UC San Diego
Spatio-temporal filtering for images and videos : applications on quality enhancement, coding and data pruning
- Author(s): Vo, Dung Trung
- et al.
Digital images and videos are compressed by removing their spatial, temporal and visual redundancies. Although the encoded signals are more compact and easier for storing or transmitting, the correlation between their pixels is distorted. This causes coding artifacts, which degrade the visual quality of the signals and cause annoyance to the viewers. Compressed images and video sequences should be enhanced prior to being sent to the displaying devices. Previous methods on quality enhancement focused on separately improving the quality of each frames. In this way, the temporal consistency between frames is not guaranteed.

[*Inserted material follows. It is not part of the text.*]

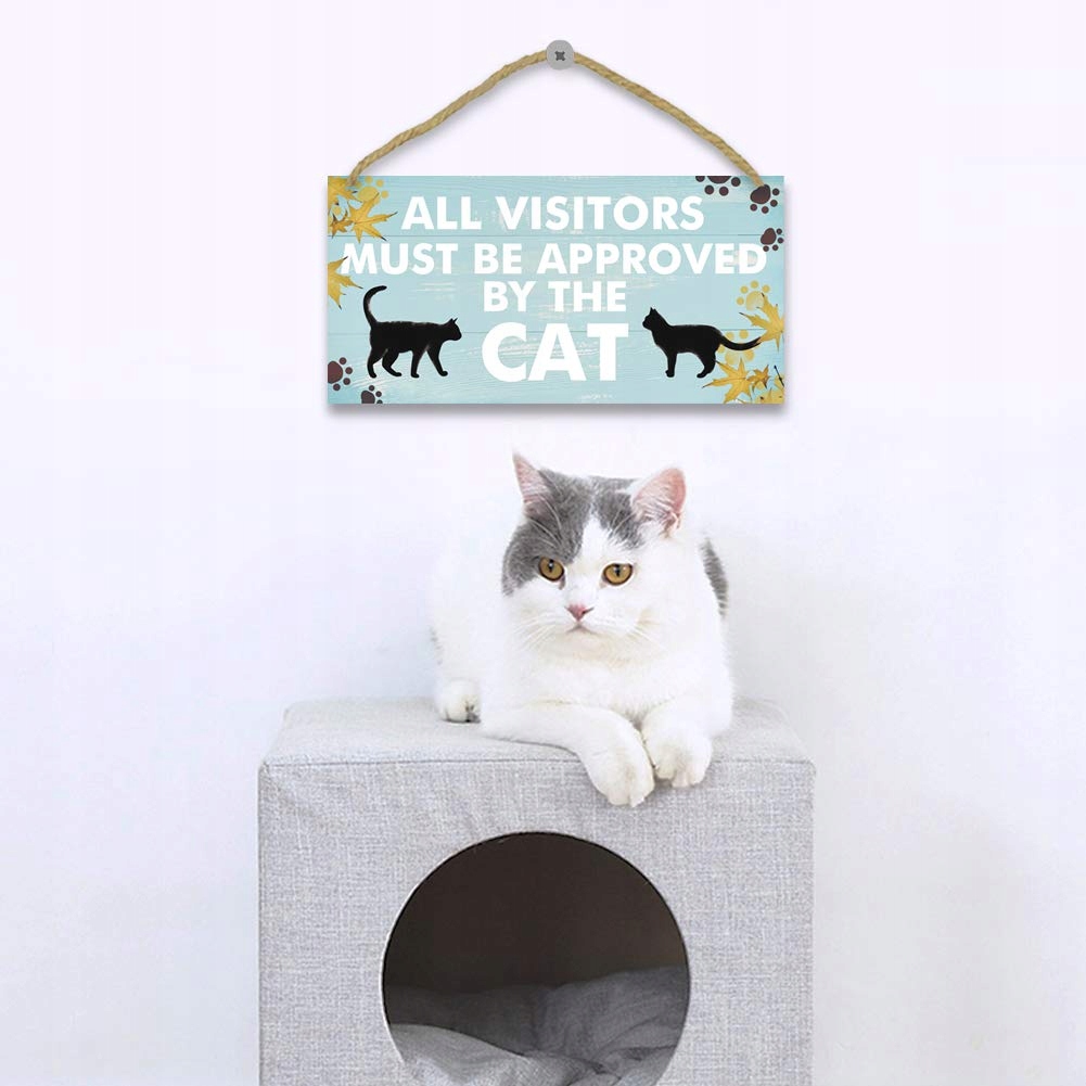 Размеры и содержимое: 4,9 x 9,8 дюймов (12,5 x 25 см). В комплекте: 1 деревянная табличка «Все гости должны получить разрешение от кота» + 1 веревка.

Furthermore, characteristics of temporal artifacts are not thoroughly studied and exploited for artifact removal. This dissertation investigates these characteristics and proposes novel methods to reduce both spatial and temporal artifacts. The dissertation covers three main topics in spatio-temporal filtering: quality enhancement, coding and data pruning. The dissertation starts with analyzing the usage of further information from surrounding frames beside the information in the current frames. First, a simple linear temporal filter is studied to investigate the quantization error between the filtered output and its original signal. Reduction of the quantization error verifies that using information from surrounding frames can enhance the quality of the current frame. Next, a non-linear fuzzy spatio-temporal filter is proposed to adapt to the characteristics of the coding artifacts. The dissertation also proposes a novel metric for evaluating the flickering artifacts. For applications on coding, these spatio-temporal filters are used in the encoding loop as the enhanced reference frame. They are then optimized to maximize their performance in artifact reduction. For special cases when filter coefficient for the pixel of interest is set to zero, the filter becomes an estimator or an interpolator. The dissertation extends the discussion for the case of implementing the optimal estimator in the encoding phase using multi reference frames. Finally, an edge-directed interpolator is studied and used in data pruning based compression, which can help reducing the bit-rate of the encoded bit-stream. This interpolator is applied to determine the most effective way in dropping the data before compression and to reconstruct the pruned signal back to its original form.